- **Task objective**
Begin the copy at the line that contains "5. Important: To", end it at the last line of the entries below, keep every word exact, and include no pictures.

-- Opening Marker --

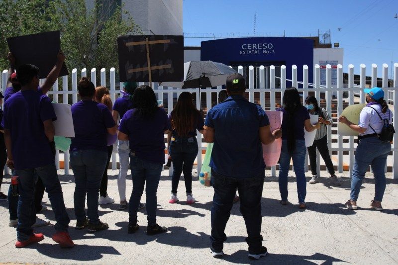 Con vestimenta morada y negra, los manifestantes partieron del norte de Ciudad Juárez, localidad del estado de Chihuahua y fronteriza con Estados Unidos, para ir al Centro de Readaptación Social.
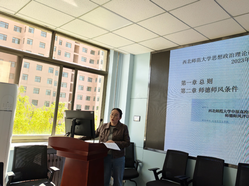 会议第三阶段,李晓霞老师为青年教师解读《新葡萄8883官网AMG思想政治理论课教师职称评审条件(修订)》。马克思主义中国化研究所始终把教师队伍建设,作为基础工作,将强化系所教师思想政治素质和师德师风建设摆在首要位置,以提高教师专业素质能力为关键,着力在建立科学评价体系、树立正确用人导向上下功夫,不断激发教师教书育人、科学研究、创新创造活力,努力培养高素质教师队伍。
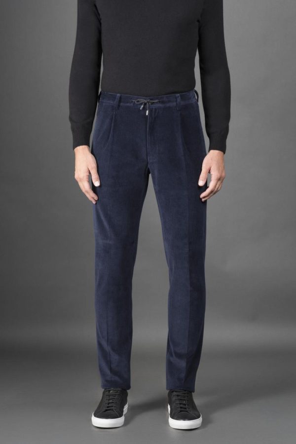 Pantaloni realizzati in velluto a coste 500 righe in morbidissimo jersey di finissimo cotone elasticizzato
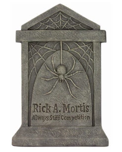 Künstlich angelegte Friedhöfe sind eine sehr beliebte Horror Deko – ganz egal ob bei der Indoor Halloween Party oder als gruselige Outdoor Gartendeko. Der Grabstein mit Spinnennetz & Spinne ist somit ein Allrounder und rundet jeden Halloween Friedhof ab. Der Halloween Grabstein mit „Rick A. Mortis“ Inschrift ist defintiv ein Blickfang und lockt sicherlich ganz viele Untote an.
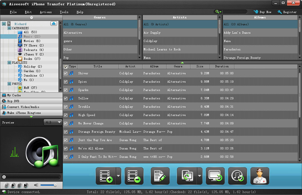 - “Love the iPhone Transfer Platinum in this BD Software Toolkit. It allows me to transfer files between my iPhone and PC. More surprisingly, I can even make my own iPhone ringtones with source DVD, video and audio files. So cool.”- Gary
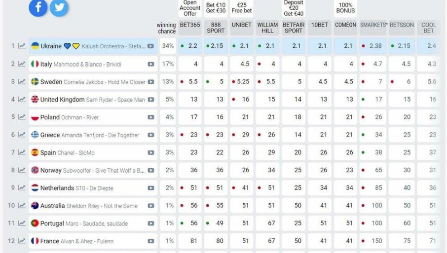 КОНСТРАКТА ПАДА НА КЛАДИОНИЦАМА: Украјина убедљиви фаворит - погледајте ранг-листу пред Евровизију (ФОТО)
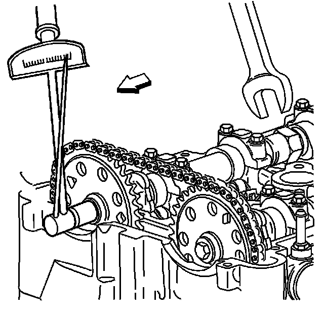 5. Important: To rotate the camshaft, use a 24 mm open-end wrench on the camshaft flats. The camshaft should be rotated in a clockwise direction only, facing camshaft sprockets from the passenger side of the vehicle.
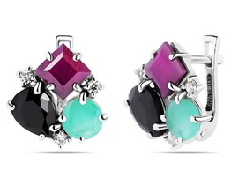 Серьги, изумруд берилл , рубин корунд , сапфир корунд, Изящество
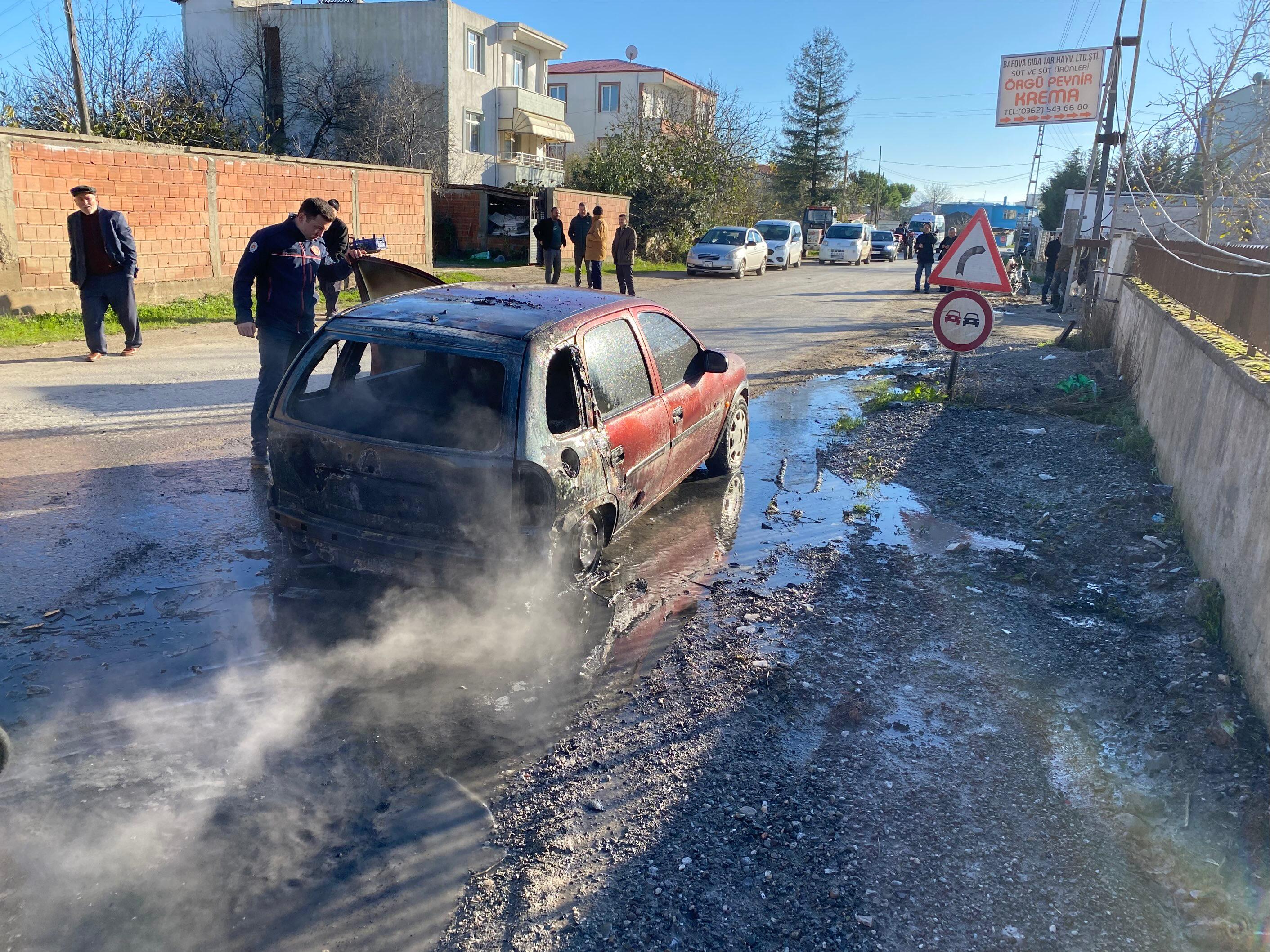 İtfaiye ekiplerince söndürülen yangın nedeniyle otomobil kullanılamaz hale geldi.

-- Closing Marker --

- **Written response**
 5. Important: To rotate the camshaft, use a 24 mm open-end wrench on the camshaft flats. The camshaft should be rotated in a clockwise direction only, facing camshaft sprockets from the passenger side of the vehicle.
 Серьги, изумруд берилл , рубин корунд , сапфир корунд, Изящество
 İtfaiye ekiplerince söndürülen yangın nedeniyle otomobil kullanılamaz hale geldi.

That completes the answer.